Material for this exercise:
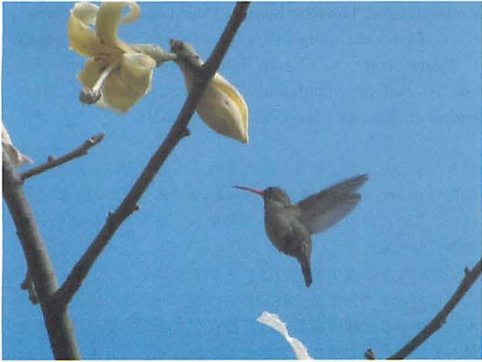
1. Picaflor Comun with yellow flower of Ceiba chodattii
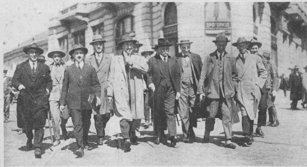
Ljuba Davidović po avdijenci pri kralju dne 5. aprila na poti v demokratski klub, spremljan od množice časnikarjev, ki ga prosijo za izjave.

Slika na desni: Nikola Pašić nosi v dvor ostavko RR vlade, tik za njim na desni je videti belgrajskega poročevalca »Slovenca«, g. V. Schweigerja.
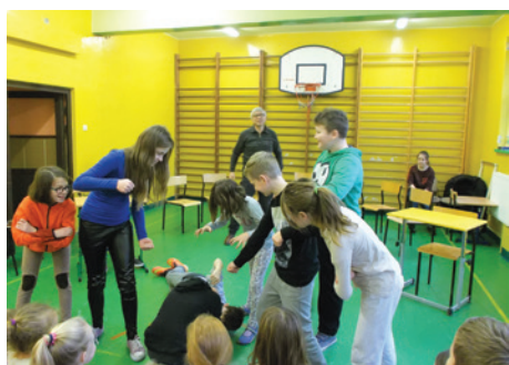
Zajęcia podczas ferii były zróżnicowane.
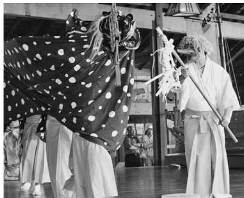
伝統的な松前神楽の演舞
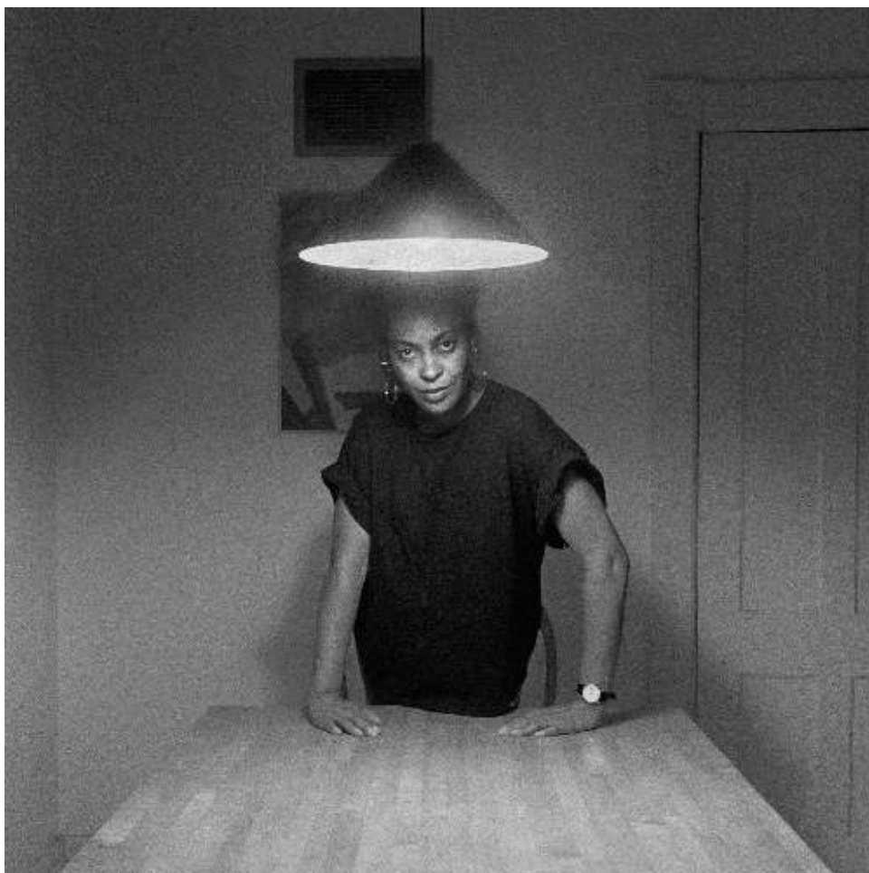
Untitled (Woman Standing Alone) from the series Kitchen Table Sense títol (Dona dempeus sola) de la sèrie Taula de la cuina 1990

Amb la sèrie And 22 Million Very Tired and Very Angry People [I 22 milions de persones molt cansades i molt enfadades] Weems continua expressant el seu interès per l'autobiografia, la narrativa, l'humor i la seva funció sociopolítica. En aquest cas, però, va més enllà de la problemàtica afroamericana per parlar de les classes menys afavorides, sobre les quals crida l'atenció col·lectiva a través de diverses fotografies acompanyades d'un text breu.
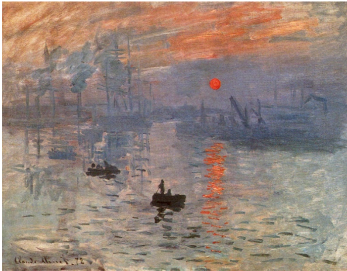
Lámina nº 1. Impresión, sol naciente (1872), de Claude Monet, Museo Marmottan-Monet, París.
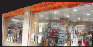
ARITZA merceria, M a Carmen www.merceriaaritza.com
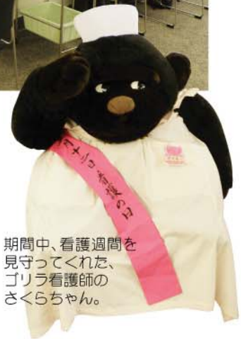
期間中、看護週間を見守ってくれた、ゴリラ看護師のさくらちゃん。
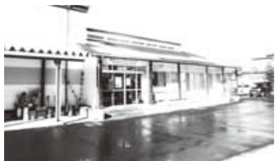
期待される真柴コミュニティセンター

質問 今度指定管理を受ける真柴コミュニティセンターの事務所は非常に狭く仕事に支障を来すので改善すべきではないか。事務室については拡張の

Instructions for the task:
Work through the entries, filtering for the string "sèrie", and copy each line that holds it.

Answer below:
Untitled (Woman Standing Alone) from the series Kitchen Table Sense títol (Dona dempeus sola) de la sèrie Taula de la cuina 1990
Amb la sèrie And 22 Million Very Tired and Very Angry People [I 22 milions de persones molt cansades i molt enfadades] Weems continua expressant el seu interès per l'autobiografia, la narrativa, l'humor i la seva funció sociopolítica. En aquest cas, però, va més enllà de la problemàtica afroamericana per parlar de les classes menys afavorides, sobre les quals crida l'atenció col·lectiva a través de diverses fotografies acompanyades d'un text breu.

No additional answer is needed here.